The requirement for ETAs and similar means of harvesting traveller information pre-travel are spreading. They mean that even passport-holders who can travel visa-free need to fill in a form before travel and often pay a fee too.
The steady stream of migration, both legal and illegal, into Europe and the US is responsible for the general tightening up of official requirements for travellers to enter a country. The government wants to assess every traveller for the risk of illegal immigration and wants to be sure tourists leave after their visit.
While biometric gates and recording of facial features and other biometrics make some tourists nervous and can make them feel they are under surveillance, this is not likely to deter them from countries that have these in place.
Overtourism
The post-COVID travel surge has meant enormous seasonal crowds in some cities and towns and overcrowding, pressure on infrastructure, long queues, degradation of the environment are the result – and there’s no question that overtourism interferes with visitors’ enjoyment of the experience. Every destination and tourism site has a different carrying capacity, but most of them have few controls over the numbers surging in the high season. Many destinations have reached their tipping point, and reactive management of the problems is often too late.
Unwelcome
Local residents are reacting sharply to their town or area being taken over by tourists and tourism businesses. In parts of Europe and Asia, the tide has turned and tourists are not as welcome as they were 10 years ago. They are viewed as a strain on local infrastructure, including public transport, stirring resentment among residents. According to sustainability website tomorrow.city, in Paris, Rome and Barcelona, central lines and stations near major attractions are seasonally overwhelmed by passenger numbers, slowing service and affecting both locals and tourists. In 2023, London’s Covent Garden station on one day at the height of the season, saw a 79,9% increase in footfall over the daily average.

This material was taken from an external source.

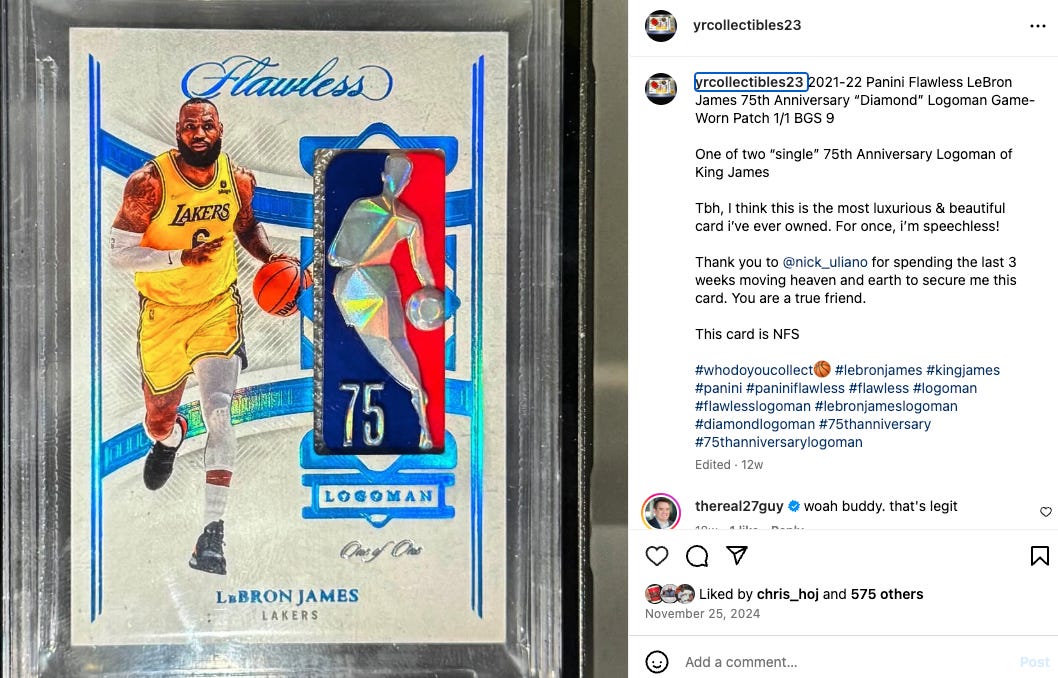 There’s so many incredible collector pages on Instagram. It’s nearly impossible to have awareness around all of them. A week doesn’t go by that I’m not floored by someone’s page that I’ve never seen before. That’s what happened to me recently with @yrcollectibles23. We’re talking rare MJs, PMGs, Credentials, 03 Exquisite, and a lot more. Go smash follow to see some incredible bangers on the regular.

The proliferation of Airbnb-type rentals has caused much unhappiness for local residents – housing has become out of the financial range of many locals.

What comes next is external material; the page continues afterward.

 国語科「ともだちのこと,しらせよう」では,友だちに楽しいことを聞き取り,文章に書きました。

Foreign visitors are often accused of disrespect and plain bad behaviour at sensitive tourism sites. Some bars and restaurants in Europe refuse to serve foreigners.

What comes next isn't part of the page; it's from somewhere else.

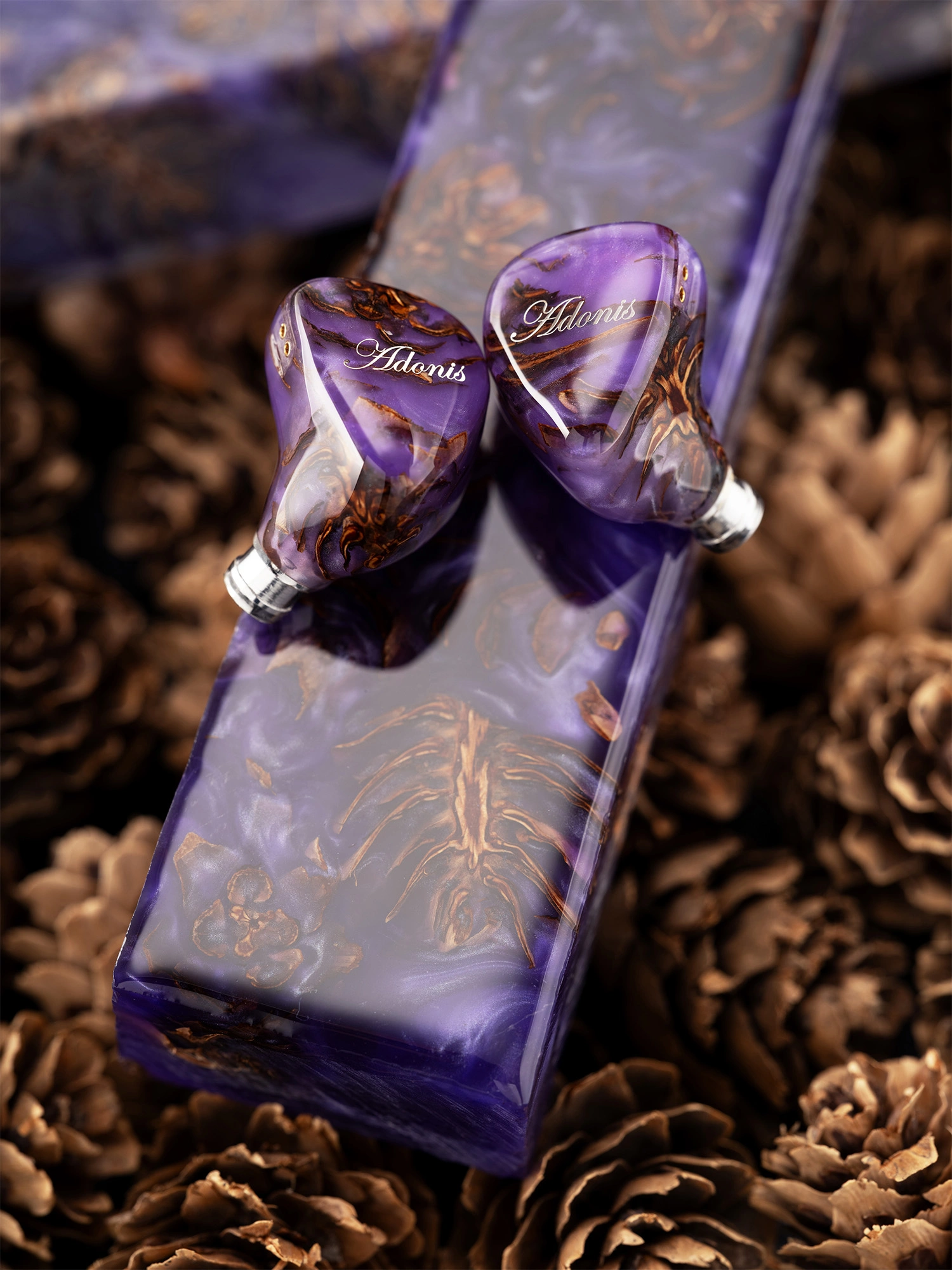 In Adonis New, a combination of pine cones and birch bark resin from the previous generation is used, which preserves the natural shape of the pine cone, is poured with resin, and cut out of a solid piece with a CNC machine, resulting in various textures and patterns.

Local resentment against tourists has seen residents of Barcelona protesting, launching ‘soft’ attacks with water pistols and coloured smoke bombs, and blocking access to iconic sites.
Climate issues
Rising sea levels, grumbling volcanoes, heatwaves, water shortages, snow ‘droughts’, storms, tornadoes and floods. Some popular tourism centres, especially in southern Europe, have already lost their shine as guests experienced repeated incidents of extreme weather. Tourists have had to evacuate resorts due to frightening bush fires in Europe, or equally been trapped by floodwaters in Italy. Santorini and some Icelandic destinations have had to be evacuated for fear of major volcanic activity. Unusually high temperatures during heatwaves are not only unpleasant but can be damaging to health. Climatic conditions will deter tourists from traditionally popular destinations more and more as these conditions become more severe.